The current control unit 22 calculates drive currents on the d-axis and q-axis by current control using proportional control (P control), proportional integral control (PI control), etc. and the drive voltage on the q-axis. The current control unit 22 calculates drive currents on the d-axis and the q-axis based on the target currents on the d-axis and the q-axis set by the target current setting unit 21 and the two-phase currents fed back. The two-phase current to be fed back is obtained by converting the detection result of the three-phase current flowing in the stator coil detected by the current detection unit 23 into two-phase current of the d-axis and the q-axis by the conversion unit 24 . After calculating the drive current, the current control unit 22 substitutes the determined value of the drive current into the voltage equation and calculates the d-axis voltage and the q-axis voltage, which are two-phase drive voltages.

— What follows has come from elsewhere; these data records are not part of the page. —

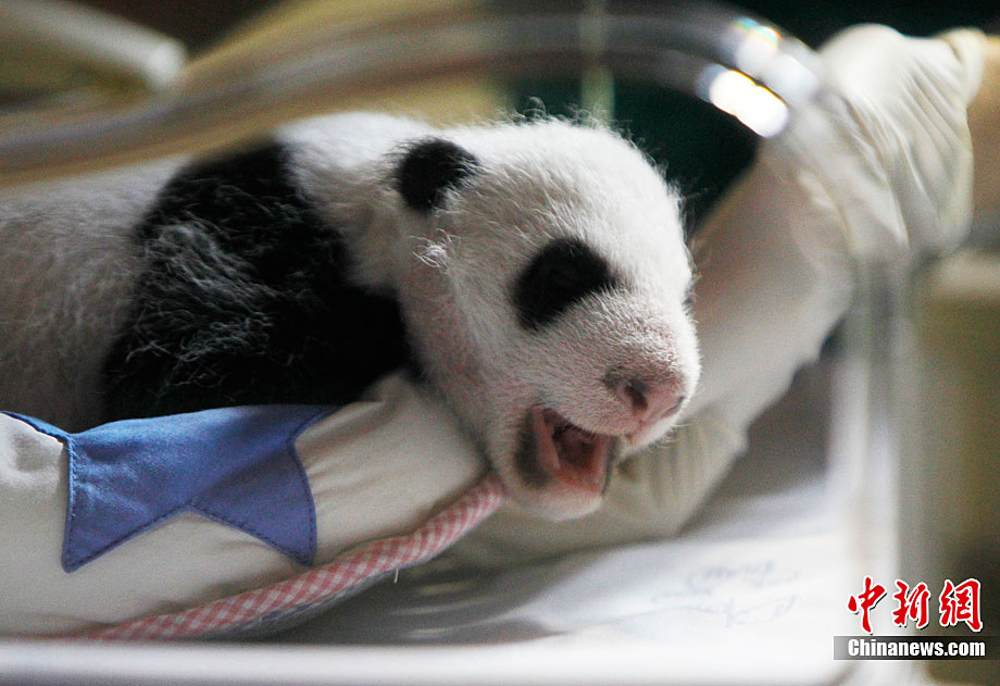 當(dāng)?shù)貢r(shí)間10月8日,西班牙馬德里動(dòng)物園出生的兩只人工受精的大熊貓幼崽第一次向媒體亮相。這對(duì)雙胞胎均為雄性,9月7日出生時(shí)他們的體重只有5盎司(141.5克)。經(jīng)過不斷的護(hù)理,它們現(xiàn)在體重已超過1公斤,并可以向媒體亮相了。
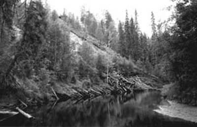 | Рис. 1. Загубленные таежные реки - верный спутник "освоенной" человеком тайги. Пяозерский лесхоз, Республика Карелия (река Карманга). |
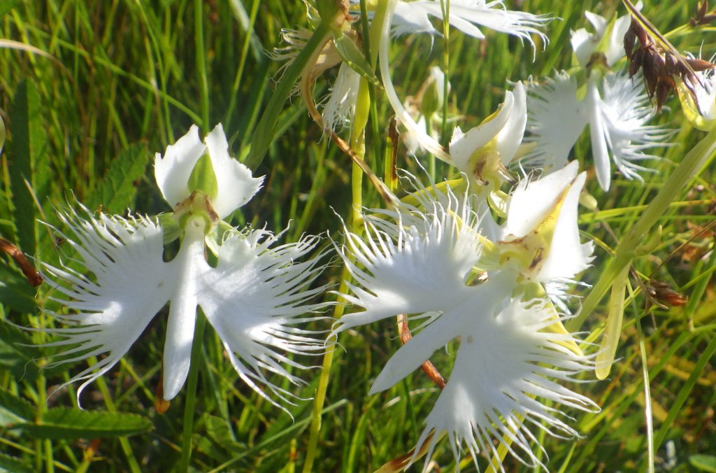 サギが空を舞っているように見える純白のサギソウの花が、三重県鈴鹿市地子町、西條町の境にある国天然記念物の湿地「金生水沼沢(かなしょうずしょうたく)植物群落」で咲き誇っている。手入れを続けて今夏、花を付けたのは1000株以上。猛暑の中、涼し気な風情だ。
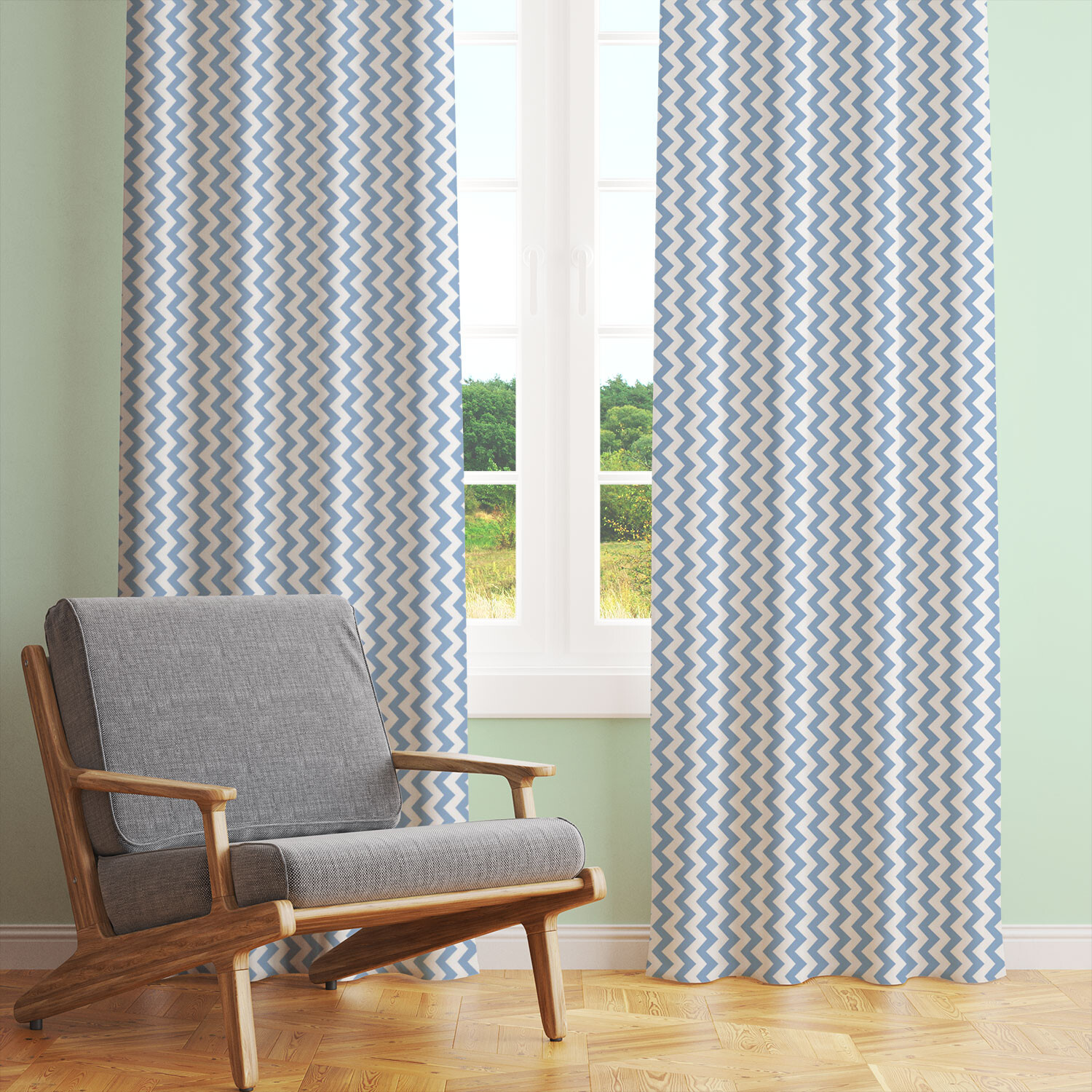 Dekorační dětské bavlněné látky, metráž. Cikcak Modrý
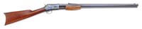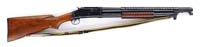 *WINCHESTER M1897 WWI TRENCH GUN. SN E674190. 12 ga. 20″ bbl. This shotgun falls in the proper SN range of a legitimate WWI Winchester Trench gun. It is the solid frame variety and comes with an orig cylinder bore. The bbl has the proper 3 milled grooves in the bottom near the muzzle for attaching the handguard/bayonet adapter. Buttstock thick wrist, low comb, WWII version. The Winchester lower sling swivel appears to be orig and assembled with factory quality. The buttplate is an orig black checkered plastic with Winchester Repeating Arms Company logo. The slide bar is properly marked “M1897 WINCHESTER TRADEMARK REG IN U.S. PAT. OFF”. The handguard/bayonet adapter is a high quality reproduction WWII-style with four rows of holes. It is not marked and comes with a bead front sight. This shotgun features a number of orig WWI trench guard components as well as a WWII Era butt stock. Shotgun comes with an orig WWI Kerr NOBUCKL Web Sling. CONDITION: Very fine. Shotgun retains approx 93-95% of what appears to be professional grade refinishing. Some areas of very fine, scattered pin prick pitting. Buttstock has some scattered light dings and handling marks but is quite solid. Bright bore, needs a cleaning. Mechanics are crisp. 4-59934 CSW28 (1,500-2,500)
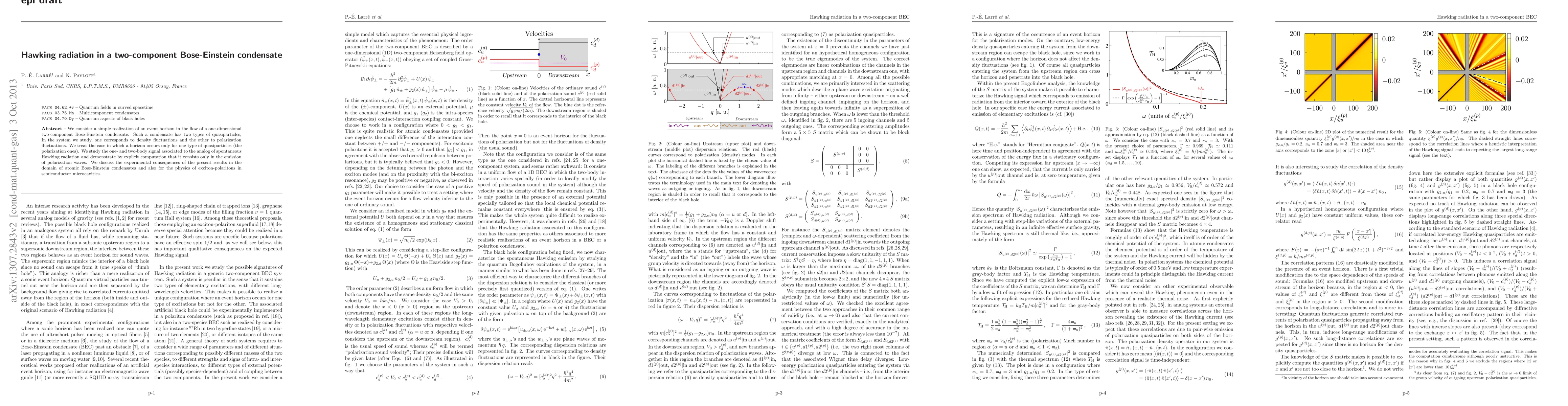 This paper investigates Hawking radiation in a one-dimensional two-component Bose-Einstein condensate, demonstrating that the analog of spontaneous Hawking radiation consists solely of emitted polarization waves. The study discusses potential experimental implications for atomic condensates and exciton-polaritons in semiconductor microcavities.
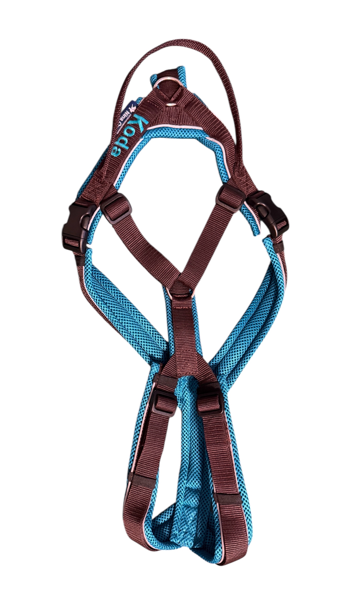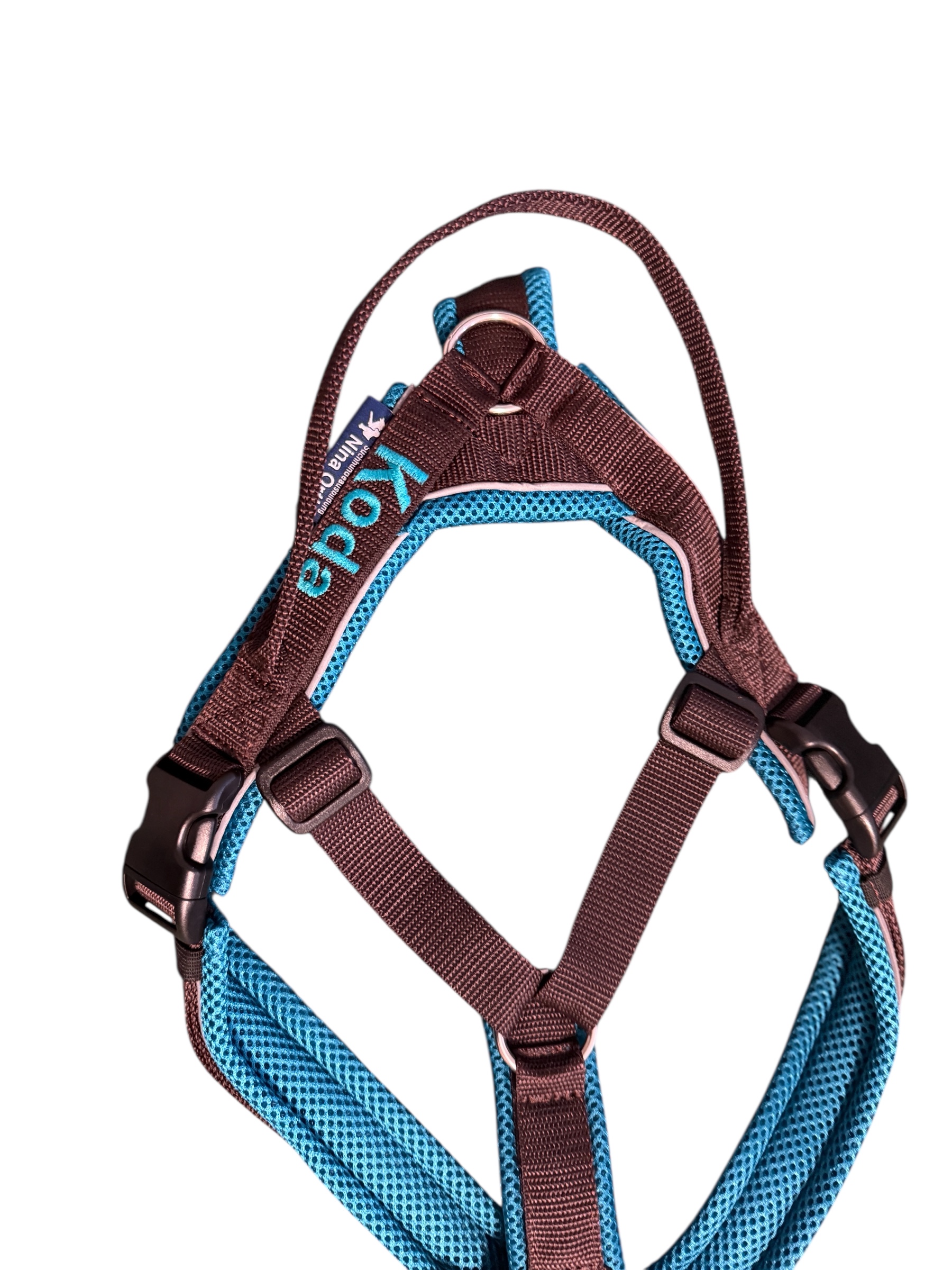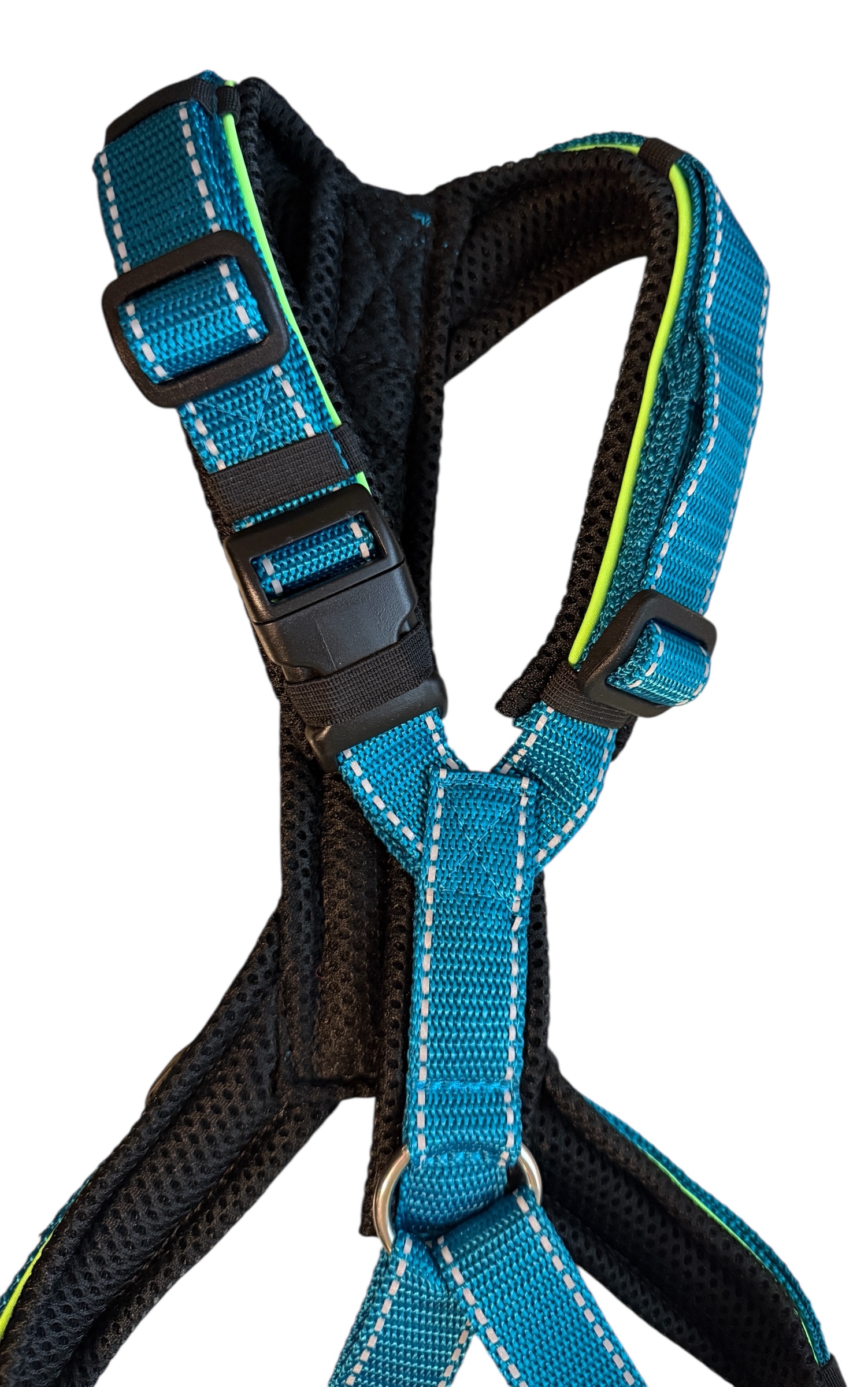 • durch die Rückenkonstruktion verrutscht das Geschirr weniger, auch bei seitlichem Zug (wie am Fahrrad zum Beispiel)

The PWM control unit 20 converts the two-phase drive voltage determined by the current control unit 22 into a three-phase drive voltage that is a drive voltage for causing a drive current to flow through the three-phase stator coil, and performs the three-phase drive. A drive signal for driving and controlling the inverter 10 is generated based on the voltage. DC power is supplied to the inverter 10 from the power source V, and switching of the switching elements QH and QL of the inverter 10 is controlled by the PWM control unit 20 to convert the output of the power source V into AC power, which is supplied to the AC motor M. be.

According to the motor drive device 1, the current flowing through the three-phase coils of the AC motor M is detected in this way, and the detected current is fed back to perform vector control of the AC motor M. FIG.

Here, as described above, the motor drive device 1 sets the target current value based on the position of the rotor when driving the AC motor M by vector control. Such detection of the rotor position is not easy when the rotation speed of the rotor is extremely low, such as immediately after the AC motor M is started. Therefore, the motor driving device 1 is configured so that when the AC motor M is driven based on the orthogonal vector coordinate system, the rotor position can be estimated appropriately even in a low-speed region in which the rotor position cannot be detected. be done.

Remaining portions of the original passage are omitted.